:: INFORMATION SUPPLIED ::
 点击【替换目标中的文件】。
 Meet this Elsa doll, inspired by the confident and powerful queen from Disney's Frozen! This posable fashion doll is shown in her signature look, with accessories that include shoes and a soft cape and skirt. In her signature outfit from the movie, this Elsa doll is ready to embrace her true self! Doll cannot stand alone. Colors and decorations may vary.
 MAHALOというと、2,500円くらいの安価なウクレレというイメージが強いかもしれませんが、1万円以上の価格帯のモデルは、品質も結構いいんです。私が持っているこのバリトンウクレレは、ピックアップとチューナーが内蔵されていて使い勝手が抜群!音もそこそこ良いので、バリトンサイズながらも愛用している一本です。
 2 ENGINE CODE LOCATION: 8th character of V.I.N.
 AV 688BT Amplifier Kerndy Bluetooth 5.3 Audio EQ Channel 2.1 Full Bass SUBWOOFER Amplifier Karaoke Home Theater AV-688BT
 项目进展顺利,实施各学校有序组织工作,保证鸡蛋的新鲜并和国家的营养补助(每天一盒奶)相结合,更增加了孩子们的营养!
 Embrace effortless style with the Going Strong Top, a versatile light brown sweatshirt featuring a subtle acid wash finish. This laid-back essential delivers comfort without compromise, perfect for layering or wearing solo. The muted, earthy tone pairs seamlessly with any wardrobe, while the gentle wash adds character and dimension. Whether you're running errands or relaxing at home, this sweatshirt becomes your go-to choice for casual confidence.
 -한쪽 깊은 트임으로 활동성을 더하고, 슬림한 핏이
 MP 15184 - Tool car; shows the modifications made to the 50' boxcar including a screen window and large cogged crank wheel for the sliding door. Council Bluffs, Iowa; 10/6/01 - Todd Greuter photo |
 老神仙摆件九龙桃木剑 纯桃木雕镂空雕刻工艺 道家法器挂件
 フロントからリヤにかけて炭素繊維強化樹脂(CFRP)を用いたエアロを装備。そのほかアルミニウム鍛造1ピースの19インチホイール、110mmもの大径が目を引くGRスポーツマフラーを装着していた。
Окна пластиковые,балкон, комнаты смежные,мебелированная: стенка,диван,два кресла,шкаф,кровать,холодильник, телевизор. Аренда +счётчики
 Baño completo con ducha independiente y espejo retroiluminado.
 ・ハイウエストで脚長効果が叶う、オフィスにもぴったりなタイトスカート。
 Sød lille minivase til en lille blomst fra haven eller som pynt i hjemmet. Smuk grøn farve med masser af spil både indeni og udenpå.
:::
**INSTRUCTIONS FOR THE TASK:**
A single number is requested: the count of lines in the data that hold "character".

**WRITTEN ANSWER:**
2